The scene is a San Diego diner, where foul-mouthed young ice skater Cheryl (Jeannine Marquie) holds three people hostage. Olympic hopeful Cheryl was expected to take home the gold (“Scotty Hamilton said so, and he’s god”); instead she fell and had to settle for the bronze.

Now she has wheedled a pistol from Joe (Geoffrey Yeager), a Target security guard, and used it to threaten him and two other people: Maggie (Kim Strassburger), owner of the diner, and the harmless addict Marty (John Martin), whose moments of lucidity provide much-appreciated comic relief from the tension.
In flashbacks, it becomes evident that Cheryl’s pursuit of her mother’s dream of Olympic gold is an attempt to keep up with her brother, soon to be graduated from medical school as a gynecologist (“Dr. Pussy,” Cheryl calls him).

But Cheryl, with all her bravado, doesn’t want to kill anyone. She wants them to share their humiliations with her, to help her lighten the unbearable load of the third-place finish. So she forces each to tell a story of personal degradation.
 
It’s a tribute to Yeager’s writing, which acknowledges a plain debt to the plots of Petrified Forest and When You Comin’ Back, Red Ryder? and includes echoes of American playwriting greats Tennessee Williams and Edward Albee, that Bronze comes across as original and riveting theater.

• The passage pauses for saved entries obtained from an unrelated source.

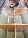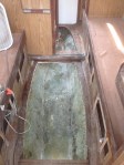After finishing the brew coat (a food grade epoxy coating), we prepared to epoxy the forward sole section and the main cabin sole/tank top into position. We applied epoxy to the tops of the flange from the old cabin sole, and to the new floors and baffles in the water tank.
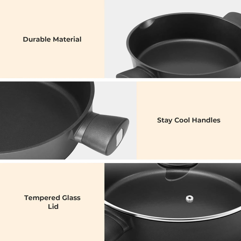 Raised frying pan - The carefully designed raised pan wall makes it easier to sear ingredients, so you no longer have to worry about ingredients flying around everywhere! Ideal for frying, stirring and stewing
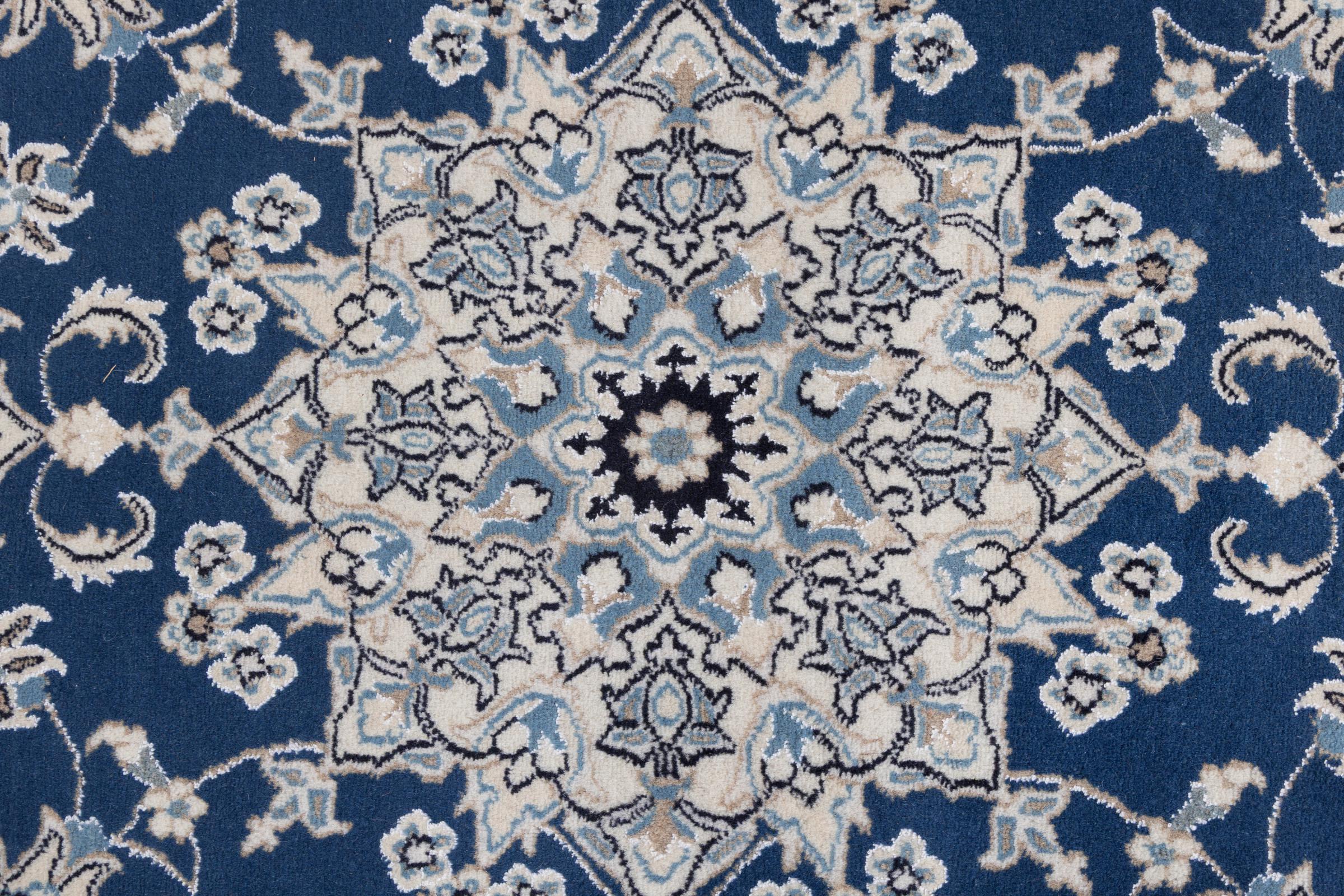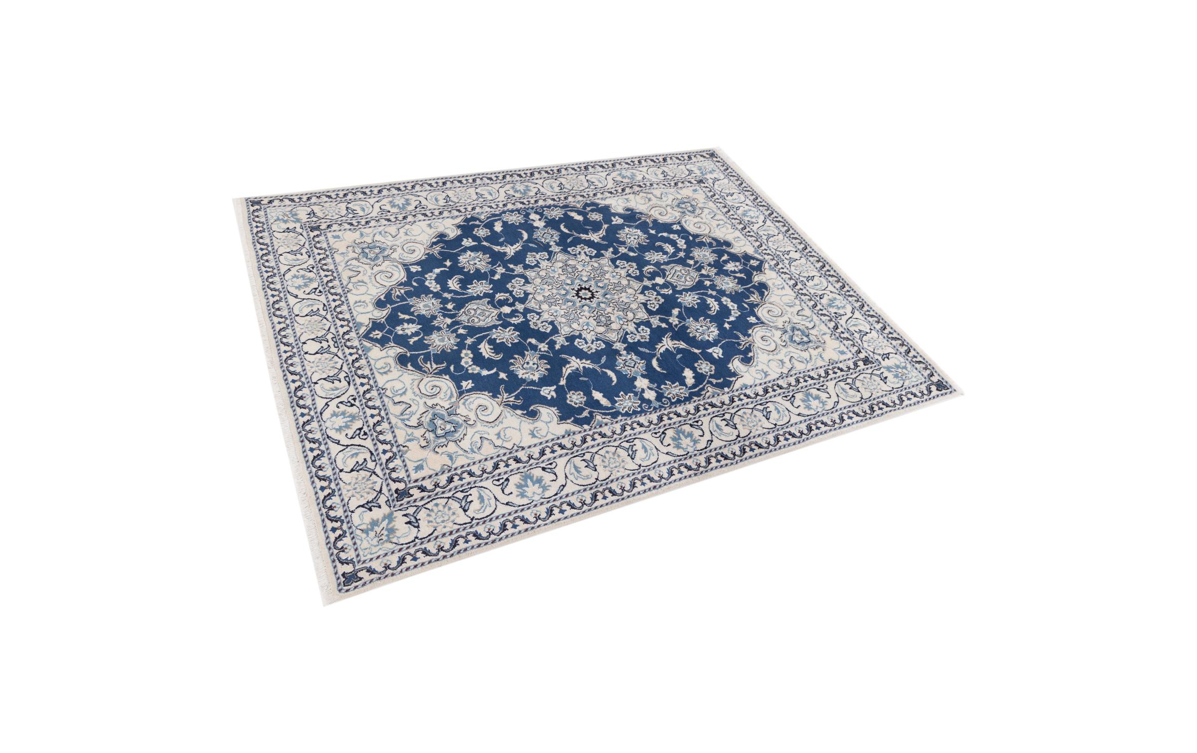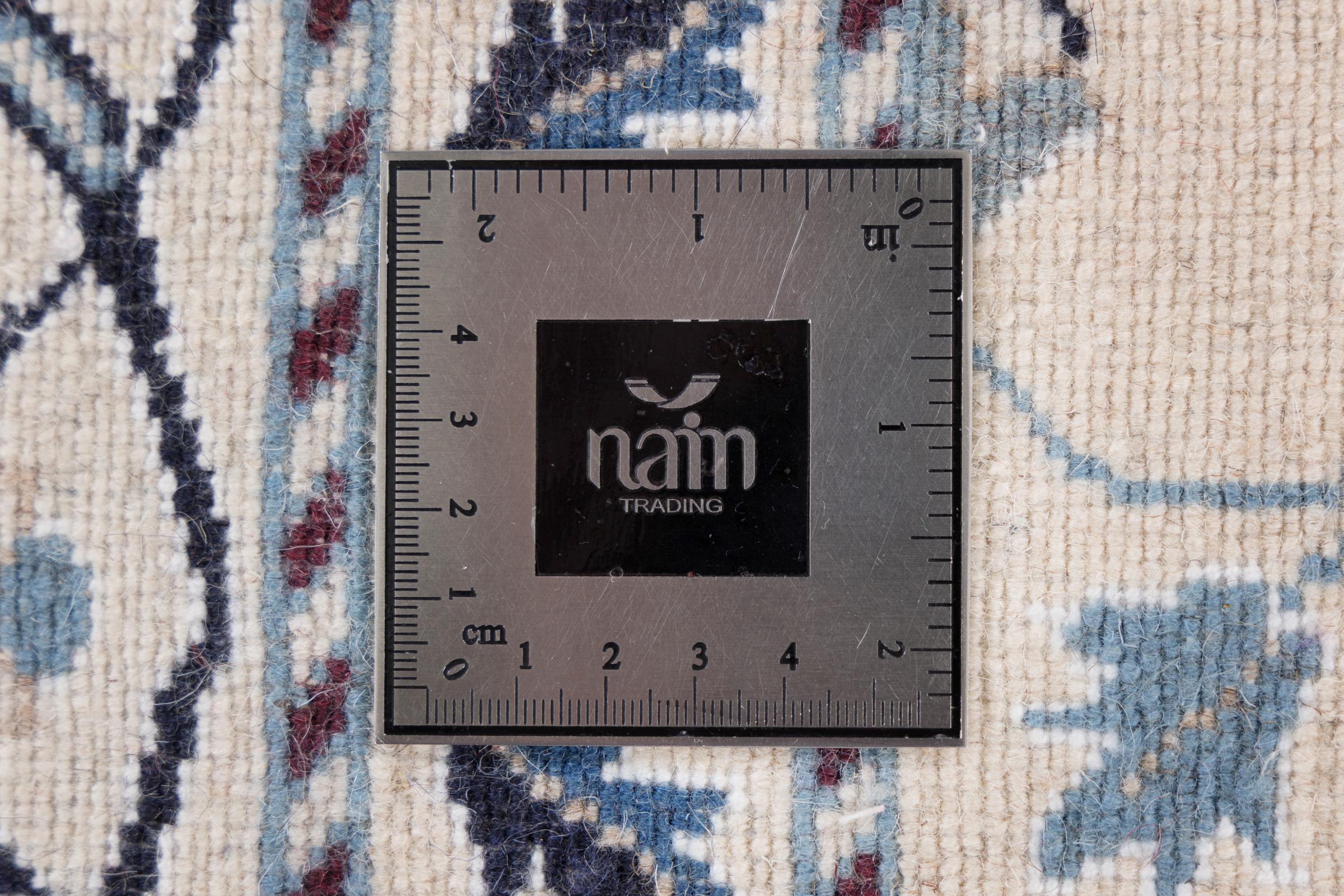 Les tapis de la ville de Nain, à la frontière de l'un des plus grands déserts d'Iran, comptent parmi les plus célèbres tapis persans du monde. Leur design typique est sans équivoque avec des ornements floraux, un médaillon central et des nuances de beige et de rouge ou de bleu. Grâce à leurs désignations 4La, 6La, 9La et 12La, les finesses d'un tapis Nain peuvent être vues d'un seul coup d'œil. Plus le chiffre "La" est bas, plus la densité des nœuds est élevée et donc plus le tapis est fin.
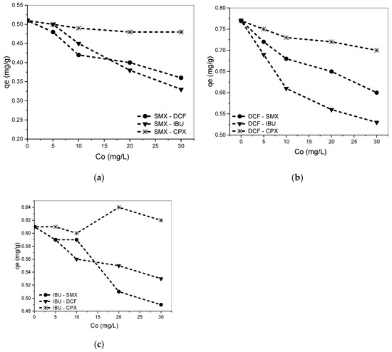 Figure 9 shows the competitive adsorption at different concentrations between SMX vs. CPX, DCF, and IBU (Figure 9a), DCF vs. SMX, CPX, and IBU (Figure 9b), and IBU vs. DCF, CPX, and SMX (Figure 9c).
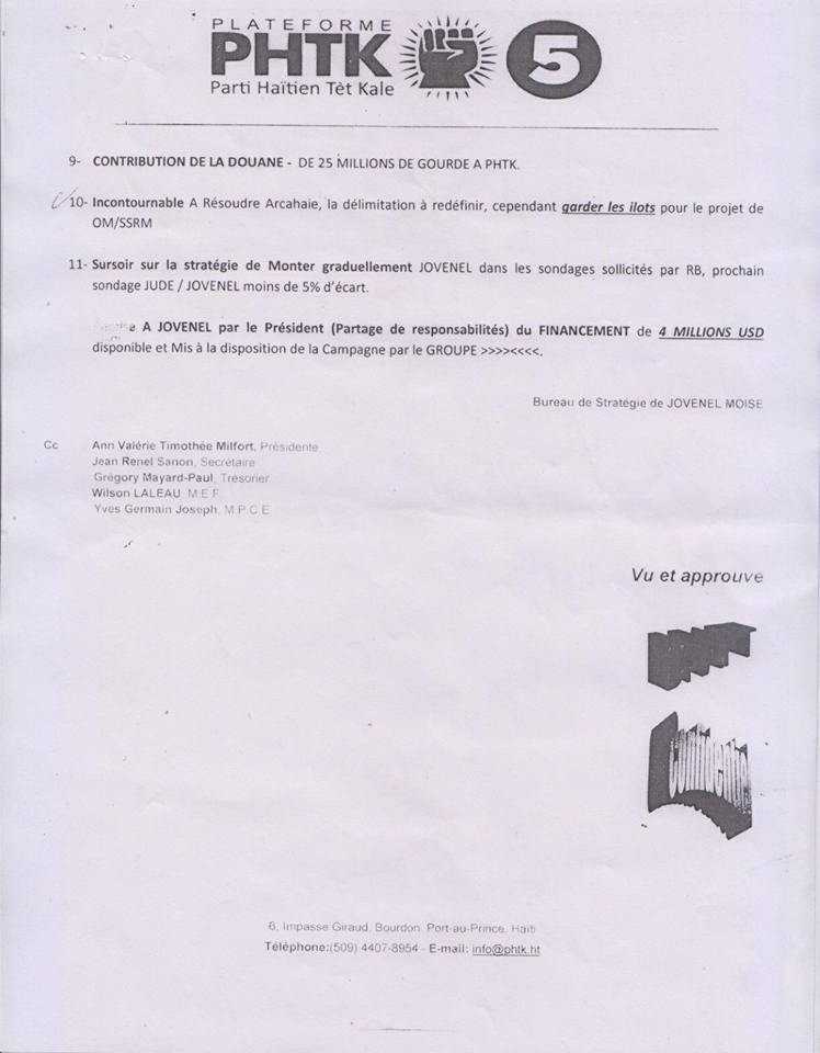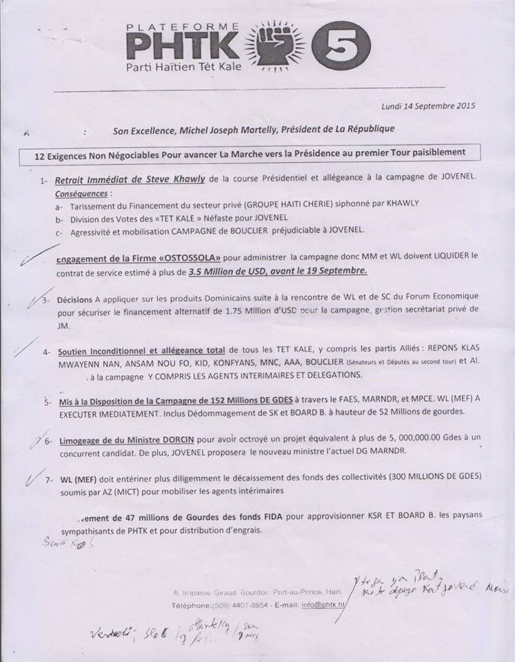 D`après ce document, dont des copies conformes ont été envoyées à plusieurs ministres et des haut placés de l`administration Martelly, l`équipe de Jovenel Moise exige non seulement un financement a partir des fonds publics, mais aussi le retrait du candidat a la présidence de Bouclier, Steeve Khawly et le limogeage du ministre de l`agriculture, Fresner Dorcin, qui, semble-t-il, serait trop proche de ce parti.
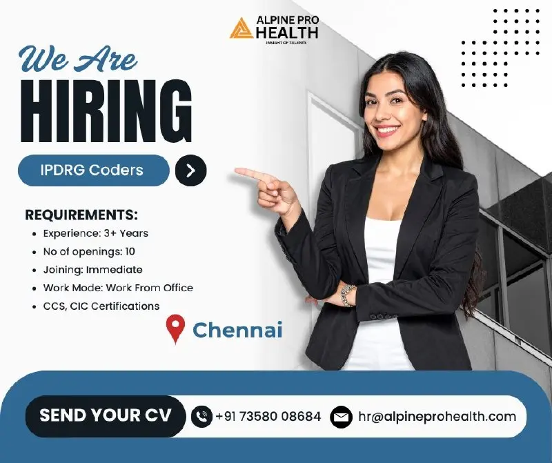 Alpine Pro Health is actively hiring experienced IPDRG Coders for its Chennai office through an immediate recruitment drive. While many candidates search for large-scale opportunities like Dr.Reddy’s Recruitment Drive in pharma and healthcare sectors, this hiring drive offers a strong and stable career path in medical coding, clinical documentation, and healthcare revenue cycle management.
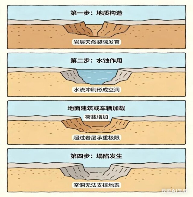 地面塌陷是最难以预防也最让人后怕的地质灾害。马路、小区人行道,走着走着突然塌出一个深不见底的大坑,连人带车都可能掉进去。

It helps that Yeager has a seasoned cast, three of whom were in the first incarnation of the play at Sledgehammer Theatre. Strassburger’s solid, rational mother figure brings a steadying influence; in fact, she almost talks the distraught skater out of the gun.

Geoffrey Yeager (the director’s son) is fine as “guy’s guy” Joe, whose clumsy autograph requests precipitates the problem. Martin has carefully crafted his interpretation of the brain-addled Marty so that every look and gesture conveys meaning.

New to the cast is Marquie, who not only looks great in her flashy skating outfit, but convinces as Cheryl, whose disappointment has finally reached the explosive stage.

Kudos to Yeager for a fine play and excellent direction, and thanks to his fine cast.